Je m'en berçais encor. Mais jugez de l'effroi
De l'amour acharné que je gardais en moi
Quand je vous vis surgir sous un voile de rides.
Du fond de mes désirs naïfs restés avides
Je sentais s'envoler même votre fantôme
Et pour moi cette mort vivante fut un baume.
Le persistant regret d'être dépossédé
Pour jamais du baiser que j'avais demandé
S'apaisa. J'eus d'abord un sourire, puis j'eus
Un soupir qui disait que vous ne comptiez plus.
Ceux dont j'étais jaloux n'aimaient plus qu'un désastre.
Tout le rayonnement de votre splendeur d'astre
Ne porterait donc plus mon bonheur à nul autre.
Voilà quel égoïsme, en amour, est le nôtre.

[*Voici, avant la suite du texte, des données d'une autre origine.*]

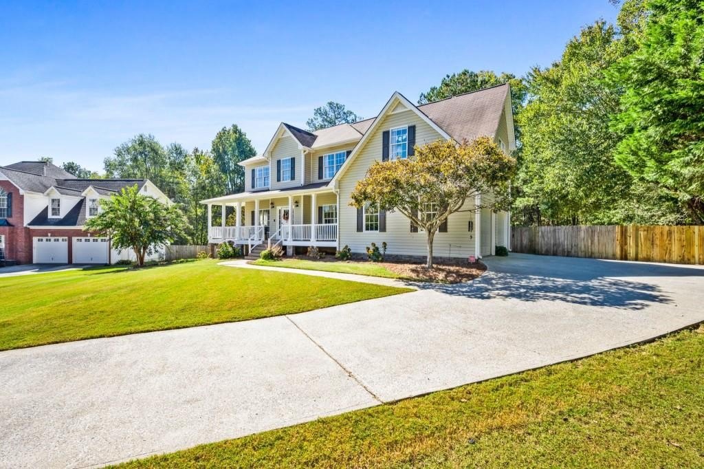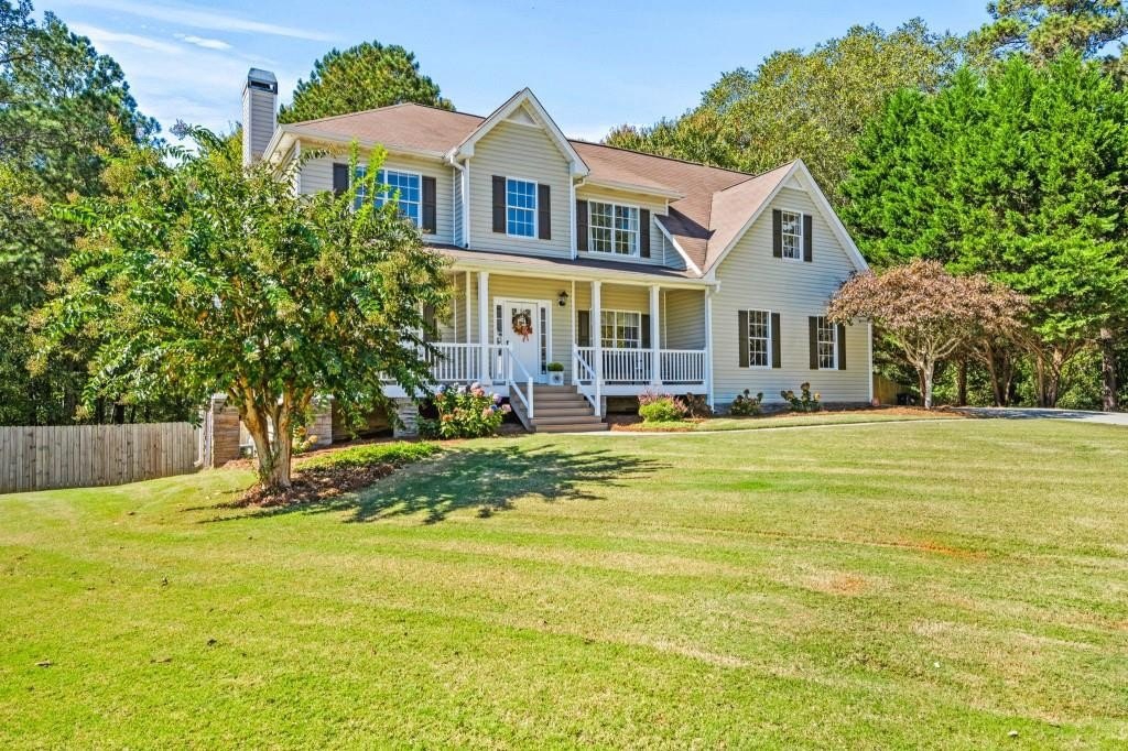 Don't miss this amazing value in highly desirable Senators Ridge, an established neighborhood offering larger lots and impressive amenities. This lovely home is situated on an oversized, one-acre, cul-de-sac lot walkable to all the amenities of this prestigious community. Incredible opportunity to make memories in this one owner 4 BR/2.5 BA Traditional home. The main level features an oversized fireside family room, powder room, a generous sized formal dining centralized around a kitchen you are going to fall in love with! The updated eat-in kitchen features white cabinets/quartz countertops and tiled back splash. Upstairs you will find a large owners suite with (sitting area or office space) with ensuite spa bath, along with 3 secondary bedrooms (one oversized with two closet spaces), a full bath and laundry room. The exterior of the home features a rocking chair front porch and low maintenance vinyl siding and a large back deck. The fenced back yard is a delight for the fur babies, cook outs, game nights, and offers so much privacy! A full unfinished basement with a boat door awaits all your storage and future expansion needs! This delightful neighborhood includes resort style amenities including a clubhouse, family pool with waterslide & kiddie pool, a quite pool with a covered pavilion, tennis courts, pickle ball, playground and basketball courts. This great location features a country setting but is only minutes from the highly rated North Paulding schools complex, restaurants and shopping. Enjoy convenience to Acworth, Cartersville, and major commuter routes including Hwy 41, I-75.

Sous l'aumône de ma pitié.
Me demandant une amitié
Vous étiez là, le front confus.
Front! Le joli front que tu fus.
Au noir vainqueur de toutes choses,
Au vil amant, tueur de roses,
Par qui vous êtes méprisées,
Toutes vos grâces refusées,
Il faut les rendre pour jamais.
Corps rêvés, délicieux mets,
Il faut laisser l'affreux vieillard
Se vautrer, vorace et pillard,
Sur l'exquisité de vos charmes
Et rendre vos cruelles armes,
Vos yeux de ciel, vos bouches d'ange...
Hélas! beautés, le Temps nous venge!